In the case at bench, there was no evidence that Catholic Community Services would or could consider an applicant with claimant’s serious limitations on a competitive basis with other applicants not so limited. Even if we were to assume — and we should not — that a charitable organization would place claimant on an equal footing with the other applicants, we would be left with applicant having one chance in eleven of getting thi single job. We do not believe that this fulfills the test of “probable dependability” of selling one’s services in a competitive market. Dye, 23 Ariz. App. at 72, 530 P.2d at 918.

We hold, therefore, that the finding that other employment was “reasonably available” for claimant is unsupported by the record Dean v. Industrial Commission, supra; Dye v. Industrial Commission, supra. The two-part requirement or test of Germany v. Industrial Commission, supra, was not satisfied. Accordingly, the opinion of the court of appeals is vacated, the award of the Commission is set aside, and the cause is remanded.

HOLOHAN, C.J., GORDON, V.C.J., and HAYS and CAMERON, JJ., concur.

[1] The phrase seems to have been coined by a judge of the King’s Bench:

“[T]here are cases in which the onus of shewing that suitable work can in fact be obtained does fall upon the employer who claims that the incapacity of the workman is only partial. If the accident has left the workman so injured that he is incapable of becoming an ordinary workman of average capacity in any well known branch of the labour market . . . I should say that if the accident leaves the workman’s labour in the position of an `odd lot’ in the labour market, the employer must shew that a customer can be found who will take it. . . .

Cardiff Corp. v. Hall [1911] 1 K.B. 1009, 1020-21, quoted in 2 A. Larson, Workmen’s Compensation Law § 57.51 at 10-164.50 (1982).

[2] The record does not indicate whether suitable allowances for claimant’s physical condition could or would be made at Catholic Community Services. For instance, claimant requires four half-hour rest periods each day. The record does not indicate whether such provisions would or could be made for claimant.

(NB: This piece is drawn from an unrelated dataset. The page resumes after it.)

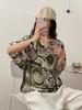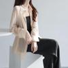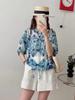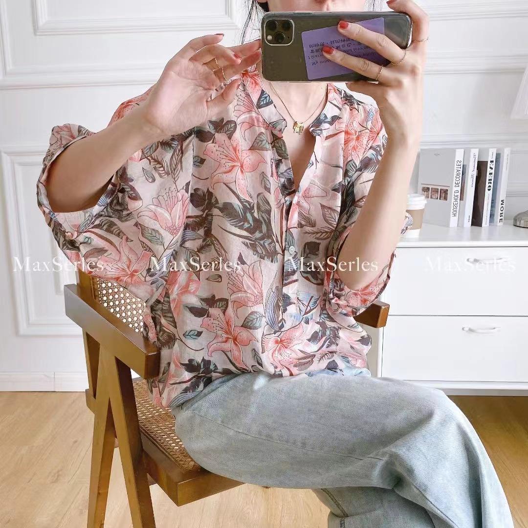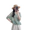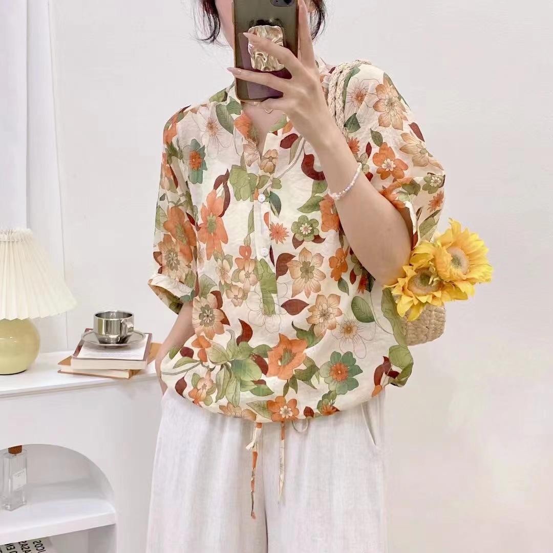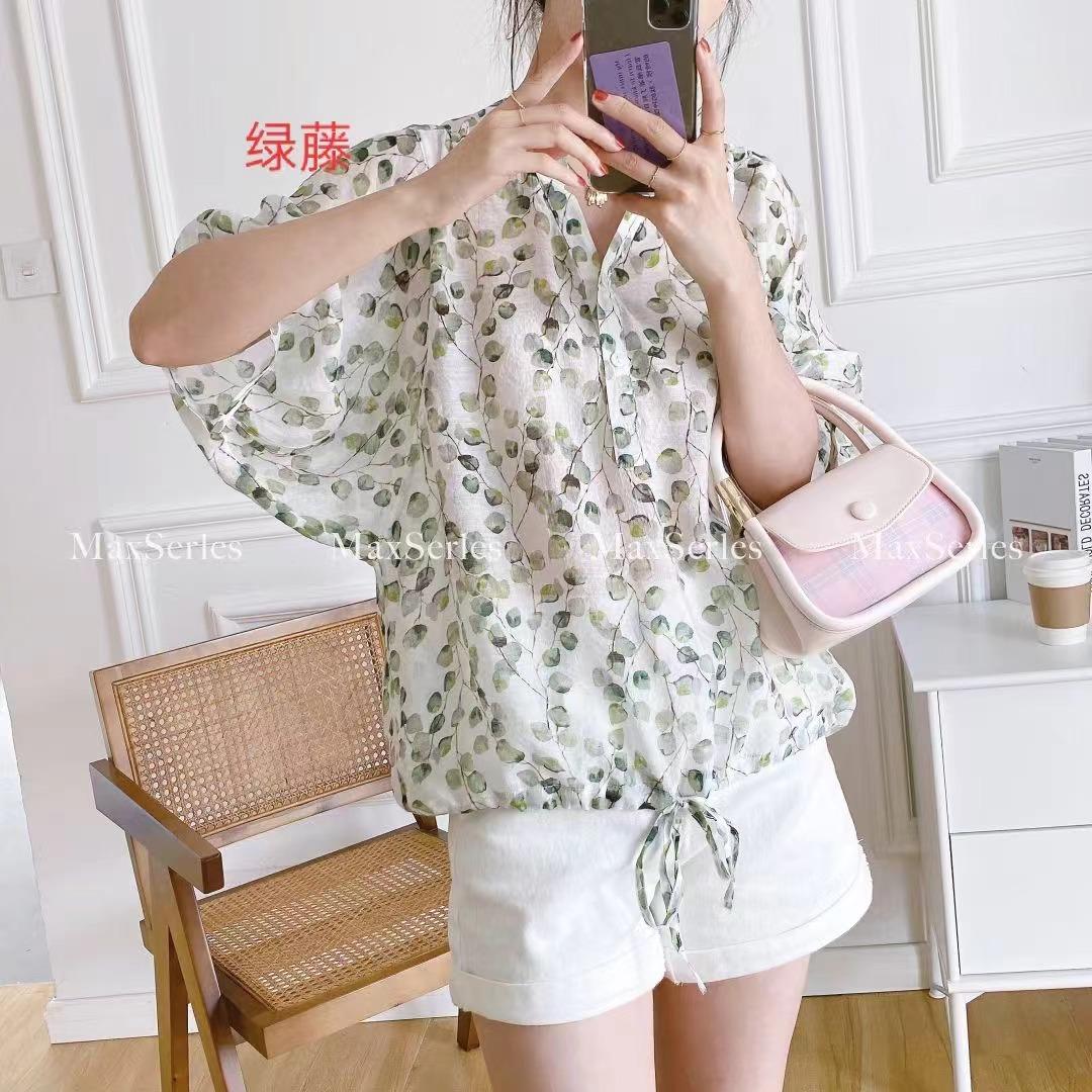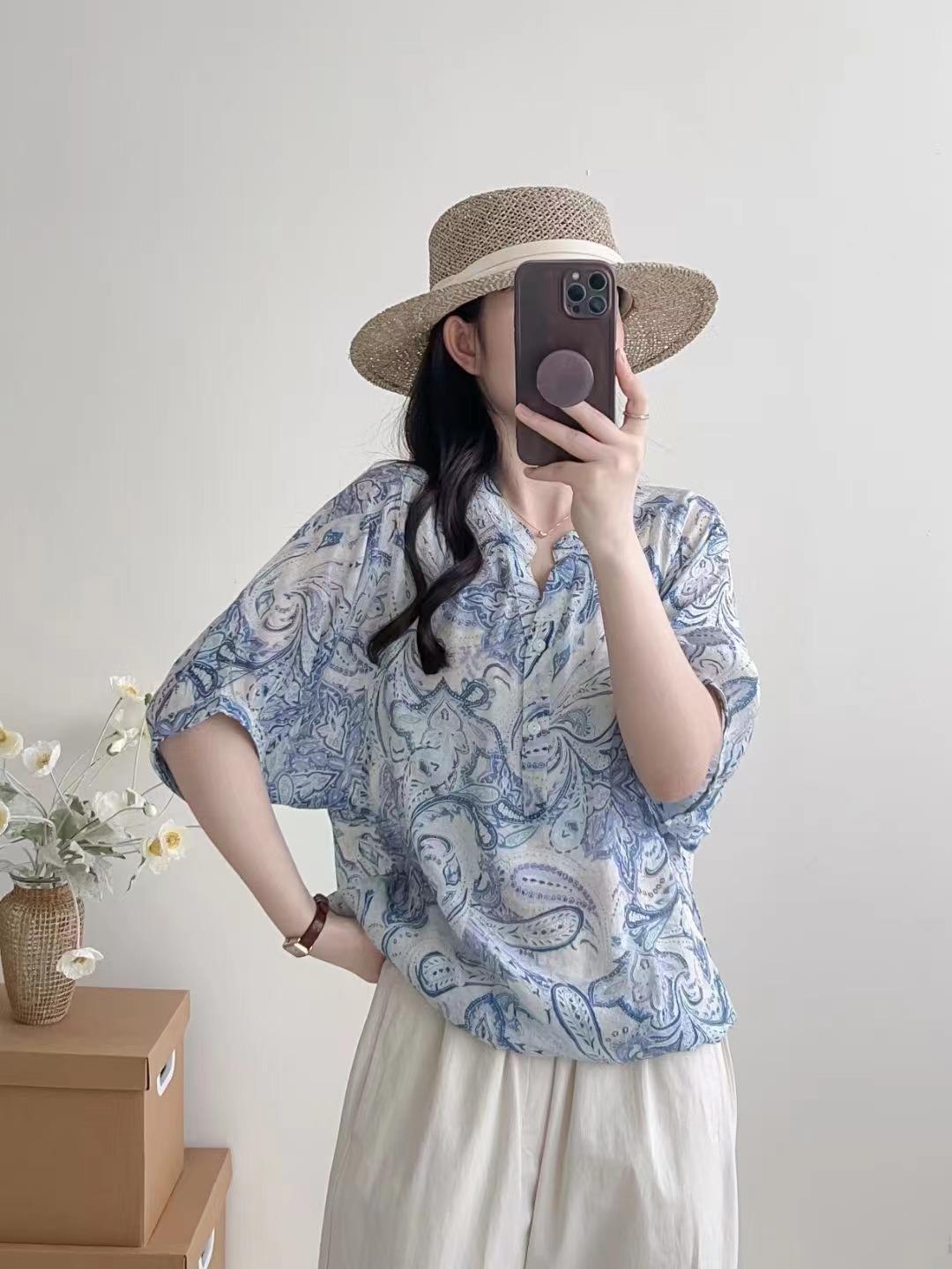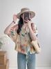 Camisa estampada em tencel leve drapeada estilo coreano, nova camisa feminina de verão com decote em V, manga curta solta e visual slim

Given the type of employer and its willingness to interview claimant despite his limitations, the administrative law judg may have been justified in inferring that allowance would be made for claimant’s limitations.
[3] Presumably “such jobs” means the “Counseling and Advocacy Coordinator” job with Catholic Community Services referred to in Finding No. 7. There was no testimony that such a position existed with other agencies or that it was a commonly found position.
[4] Justice Struckmeyer’s phrase in Dean, supra, was “[m]aterial evidence to show, with reasonable certainty, that a claimant could secure a position.” 113 Ariz. at 287, 551 P.2d at 556 (emphasis supplied).